O “desmonte da Ciência e da universidade pública no Brasil”, como diz a UFRJ em nota, não começou agora. Segundo o movimento Conhecimento Sem Corte, desde 2015 o governo já cortou mais de R$ 11 bilhões do orçamento das universidades públicas e da ciência e tecnologia no país. “São cortes nos orçamentos das universidades federais, do CAPES, e do MCTI”, explica Tatiana Roque, professora da UFRJ e coordenadora da campanha, referindo-se ao Ministério da Ciência, Tecnologia, Inovações e Comunicações, e à Coordenação de Aperfeiçoamento de Pessoal de Nível Superior, ligada ao Ministério da Educação. “Nós perdemos R$ 500 mil reais por hora em áreas que afetam o ensino e a pesquisa.” No caixa do CNPq, que tem como fontes de recurso o governo federal e o Fundo Nacional de Desenvolvimento Científico e Tecnológico (FNDCT), o que pesou foi o contigenciamento de 30% do orçamento do MCTI. Com orçamento de R$ 1,3 bilhão aprovado no final do ano passado, o CNPq já empenhou R$ 672 milhões e precisa que R$ 505 milhões sejam liberados para honrar o pagamento das bolsas de setembro a dezembro. “Conversei com o ministro Gilberto Kassab e ele está sensibilizado. Se comprometeu a convencer a área econômica a liberar o recurso, pela importância e fator estratégico da ciência para o Brasil”, afirma o presidente do CNPq Mario Neto Borges.

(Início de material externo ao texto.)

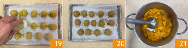 What makes them special is the balance between the delicacy of the pumpkin cream and the bold character of the baked chickpea meatballs. A harmonious and colorful dish to be served for a family lunch or a dinner with friends, whether vegetarian or not.

Caso os recursos não sejam liberados, o cenário pode ser o de atraso no resultado das pesquisas — muitas precisariam ser recomeçadas do zero —, e possível “fuga de cérebros” do Brasil. A doutoranda em ciências biomédicas, Camila Braggion, 24, iniciou este ano seu projeto sobre opções ao uso de animais em testes laboratoriais, com uma bolsa do CNPq. Com a remuneração de R$ 2.200, Camila passa ao menos oito horas diárias no laboratório, trabalhando em sua pesquisa. “Caso haja corte, vou precisar buscar outras fontes de renda e virei menos ao laboratório, o que vai atrasar os resultados”, afirma. Há também quem acabe optando por estudar em outro país. Guilherme Martignago Zilli, de 26 anos, chegou a começar o doutorado em engenharia elétrica e eletrônica aqui, mas preferiu se candidatar a bolsas no exterior. Ele vai para Montreal, no Canadá, na próxima semana. “Nós, que seguimos carreira acadêmica, dependemos muito da abertura de concurso público, já que grande parte da pesquisa do País está concentrada nas universidades federais e estaduais”, diz . “Com o corte nos gastos e investimentos, não temos muitas perspectivas por aqui”. Perdem eles, perde o Brasil.